#### YOUR OBJECTIVE
Every line from the one holding "Wrench-together 8AN 90-degree" through the one holding "Perusohjepaketti sisältää selkeät" in the data below must be returned exactly, both ends included, with pictures left out and nothing else added.

#### RECORDS
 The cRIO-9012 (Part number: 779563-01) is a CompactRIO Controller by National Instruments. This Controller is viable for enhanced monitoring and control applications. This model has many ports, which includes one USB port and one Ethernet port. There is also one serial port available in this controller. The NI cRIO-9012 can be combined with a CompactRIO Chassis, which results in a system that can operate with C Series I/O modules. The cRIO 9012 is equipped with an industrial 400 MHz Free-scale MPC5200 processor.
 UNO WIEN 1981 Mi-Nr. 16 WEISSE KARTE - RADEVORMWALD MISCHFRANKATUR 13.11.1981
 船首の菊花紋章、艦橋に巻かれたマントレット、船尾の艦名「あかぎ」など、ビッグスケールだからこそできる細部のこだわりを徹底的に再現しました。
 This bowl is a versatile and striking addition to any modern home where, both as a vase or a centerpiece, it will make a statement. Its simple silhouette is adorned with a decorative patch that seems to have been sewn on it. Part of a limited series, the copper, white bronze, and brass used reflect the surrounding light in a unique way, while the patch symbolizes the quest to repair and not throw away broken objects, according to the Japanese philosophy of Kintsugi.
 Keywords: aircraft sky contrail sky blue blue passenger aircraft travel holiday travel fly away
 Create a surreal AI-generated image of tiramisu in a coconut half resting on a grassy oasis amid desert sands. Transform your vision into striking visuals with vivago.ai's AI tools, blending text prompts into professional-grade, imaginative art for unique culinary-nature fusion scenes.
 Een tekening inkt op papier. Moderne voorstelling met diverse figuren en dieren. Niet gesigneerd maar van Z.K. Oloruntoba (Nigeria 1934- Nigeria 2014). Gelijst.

...

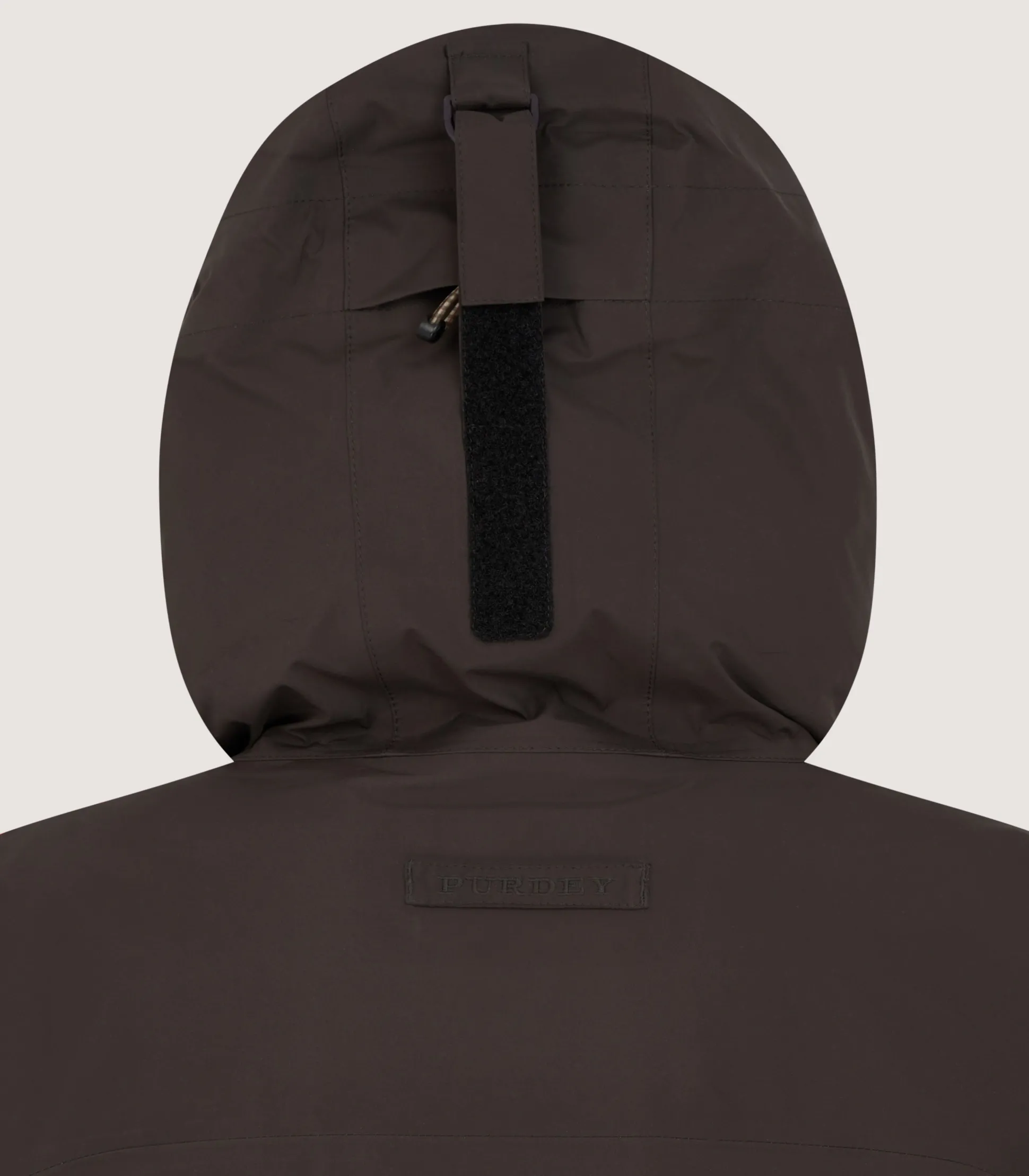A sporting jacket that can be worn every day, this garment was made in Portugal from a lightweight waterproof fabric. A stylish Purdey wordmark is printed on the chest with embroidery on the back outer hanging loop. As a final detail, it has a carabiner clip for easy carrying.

---

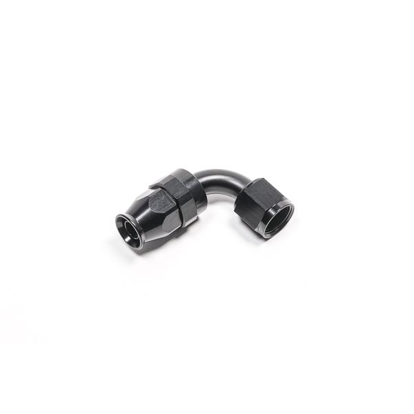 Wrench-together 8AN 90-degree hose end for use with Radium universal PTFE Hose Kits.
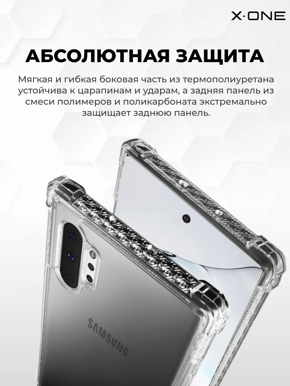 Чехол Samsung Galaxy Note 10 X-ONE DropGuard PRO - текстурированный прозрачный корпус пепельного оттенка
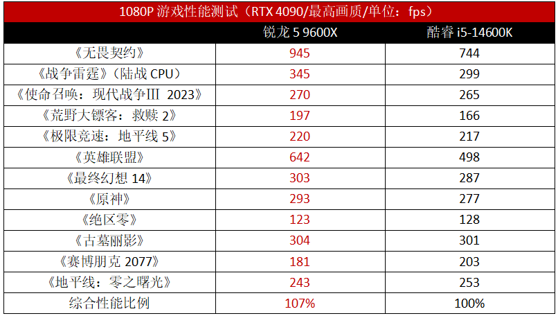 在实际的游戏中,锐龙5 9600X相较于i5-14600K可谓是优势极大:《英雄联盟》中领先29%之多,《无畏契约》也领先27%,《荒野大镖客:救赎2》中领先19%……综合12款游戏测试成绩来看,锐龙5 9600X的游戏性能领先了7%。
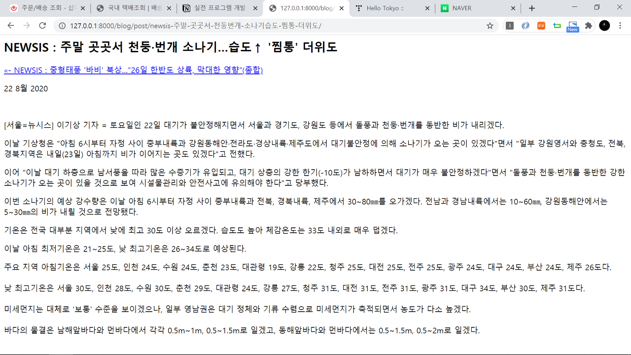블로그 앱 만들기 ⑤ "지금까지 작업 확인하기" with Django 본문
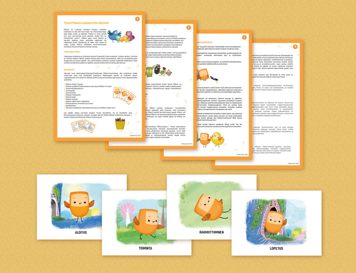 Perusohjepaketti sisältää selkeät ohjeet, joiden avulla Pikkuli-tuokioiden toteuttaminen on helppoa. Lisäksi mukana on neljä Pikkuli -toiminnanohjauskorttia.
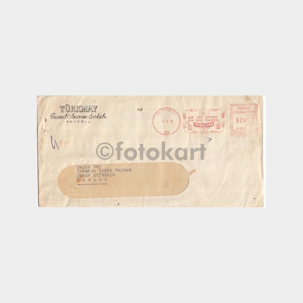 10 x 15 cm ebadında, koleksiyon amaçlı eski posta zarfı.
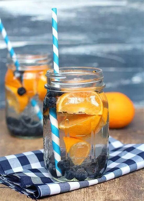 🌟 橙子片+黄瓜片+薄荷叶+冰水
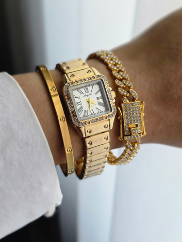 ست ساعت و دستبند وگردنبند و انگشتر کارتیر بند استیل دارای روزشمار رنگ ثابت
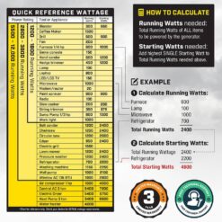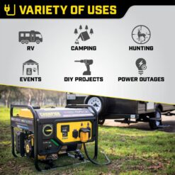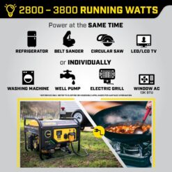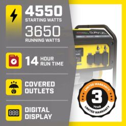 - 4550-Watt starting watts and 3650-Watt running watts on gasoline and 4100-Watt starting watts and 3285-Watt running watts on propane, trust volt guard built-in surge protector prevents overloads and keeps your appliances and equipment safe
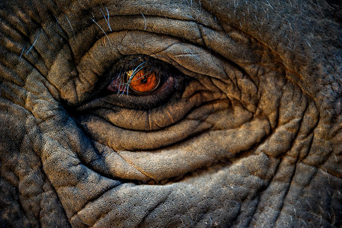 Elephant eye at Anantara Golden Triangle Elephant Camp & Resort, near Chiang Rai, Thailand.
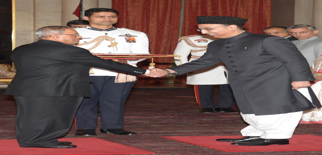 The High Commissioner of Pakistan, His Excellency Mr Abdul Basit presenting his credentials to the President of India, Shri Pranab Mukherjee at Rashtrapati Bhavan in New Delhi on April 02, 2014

#### SOLUTION
 Wrench-together 8AN 90-degree hose end for use with Radium universal PTFE Hose Kits.
 Чехол Samsung Galaxy Note 10 X-ONE DropGuard PRO - текстурированный прозрачный корпус пепельного оттенка
 在实际的游戏中,锐龙5 9600X相较于i5-14600K可谓是优势极大:《英雄联盟》中领先29%之多,《无畏契约》也领先27%,《荒野大镖客:救赎2》中领先19%……综合12款游戏测试成绩来看,锐龙5 9600X的游戏性能领先了7%。
블로그 앱 만들기 ⑤ "지금까지 작업 확인하기" with Django 본문
 Perusohjepaketti sisältää selkeät ohjeet, joiden avulla Pikkuli-tuokioiden toteuttaminen on helppoa. Lisäksi mukana on neljä Pikkuli -toiminnanohjauskorttia.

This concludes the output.